Re: Devanagari

From: Asmus Freytag (asmusf@ix.netcom.com)
Date: Sun Jan 20 2002 - 18:34:29 EST


At 12:48 AM 1/20/02 -0800, James Kass wrote:
>The arguments about relative size are true, but in this day and age are
>considered unimportant. Graphics files are extremely large in comparison
>with text files of any script and so are sound files. Devanagari UTF-8 is
>three bytes.
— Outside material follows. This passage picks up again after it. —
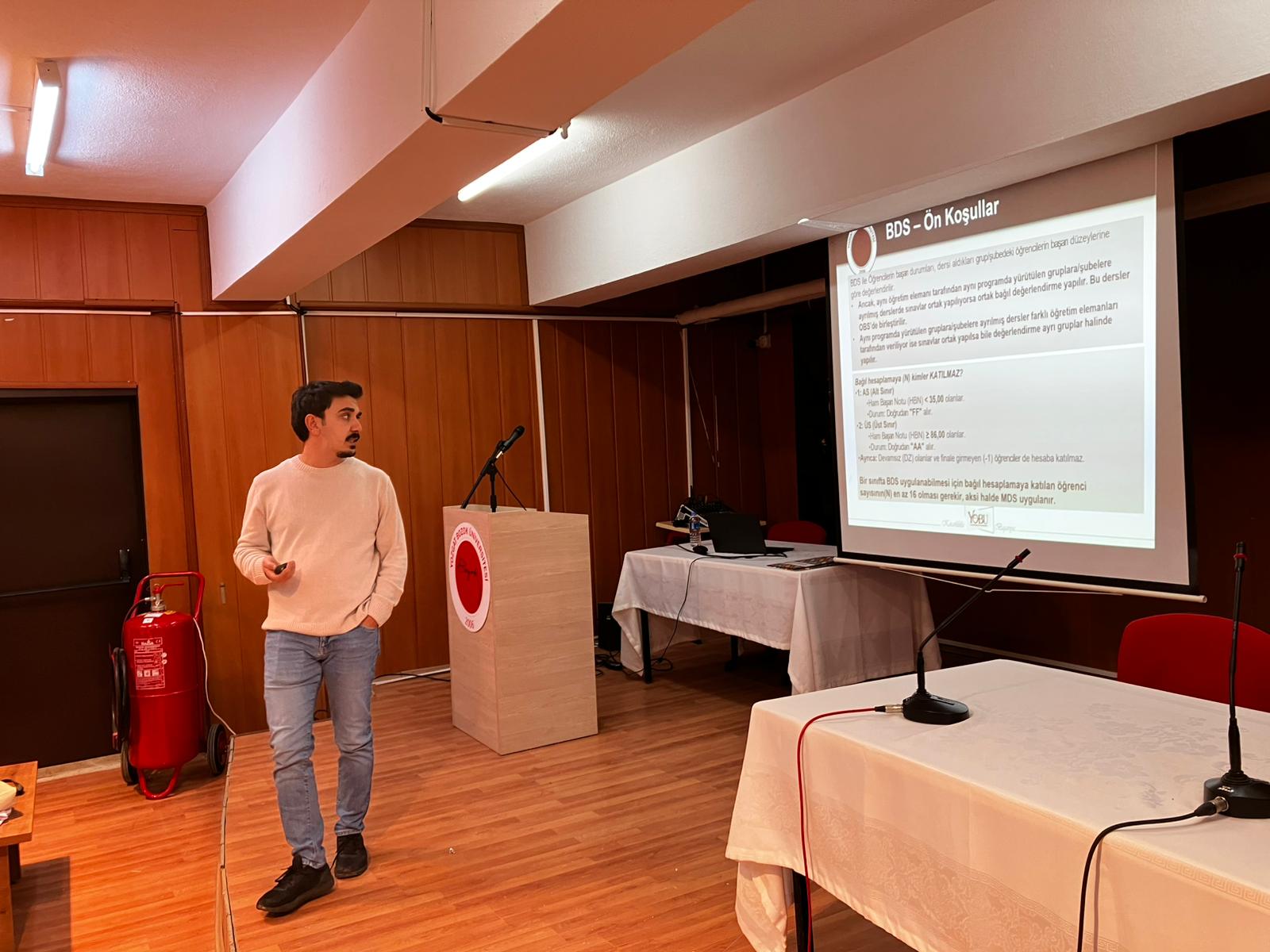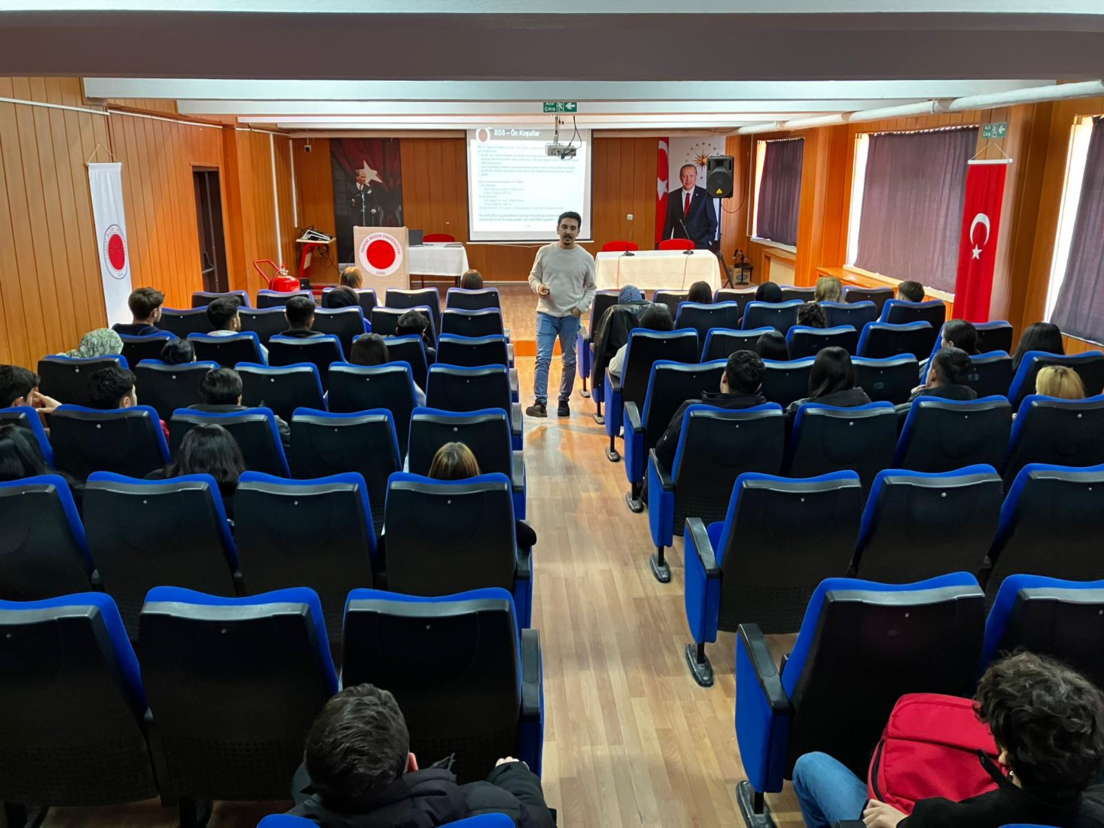 Bölümümüz öğretim üyesi Dr. Öğr. Üyesi Muhittin USLU hocamız tarafından okulumuzun konferans salonunda 1. ve 2. sınıf öğrencilerimize güz döneminden itibaren değişen 2025-2026 Eğitim-Öğretim Yılı Ders Başarı Değerlendirme Sistemi Eğitimi verilmiştir. Değişen sistem ile aktif olan MDS ve BDS hakkındaki gerekli bilgiler öğrencilere aktarılarak yeni sistemin ayrıntıları aktarılmıştır.

The four byte UTF-8 sequences so far are only used for
>Plane One Unicode and up.

If the argument refers to 4-byte sequences for Devanagari, it is not
factually 'true', as James points out.

More to the point is the following observation: HTML or similar mark-up
languages account for an ever growing percentage of transmission of
"text" - even in e-mail.

The fact that UTF-8 economizes on the storage for ASCII characters, is a
benefit for *all* HTML users, as the HTML syntax is entirely in ASCII and
claims a significant fraction of the data.

A UTF-8 encoded HTML file, will therefore have (percentage-wise) less overhead
for Devanagari as claimed. Add to that James' observation on graphics files,
many of which accompany even the simplest HTML documents and you get a
percentage difference between the sizes of an English and Devanagari website
(i.e. in its entirety) that's well within the fluctuation of the typical
length in characters, for expressing the same concept in different languages.

In other words, contrary to the claims made by the argument, it is hard to
predict that this structure of UTF-8 will have an observable impact on
exchanging data - other than psychological perhaps.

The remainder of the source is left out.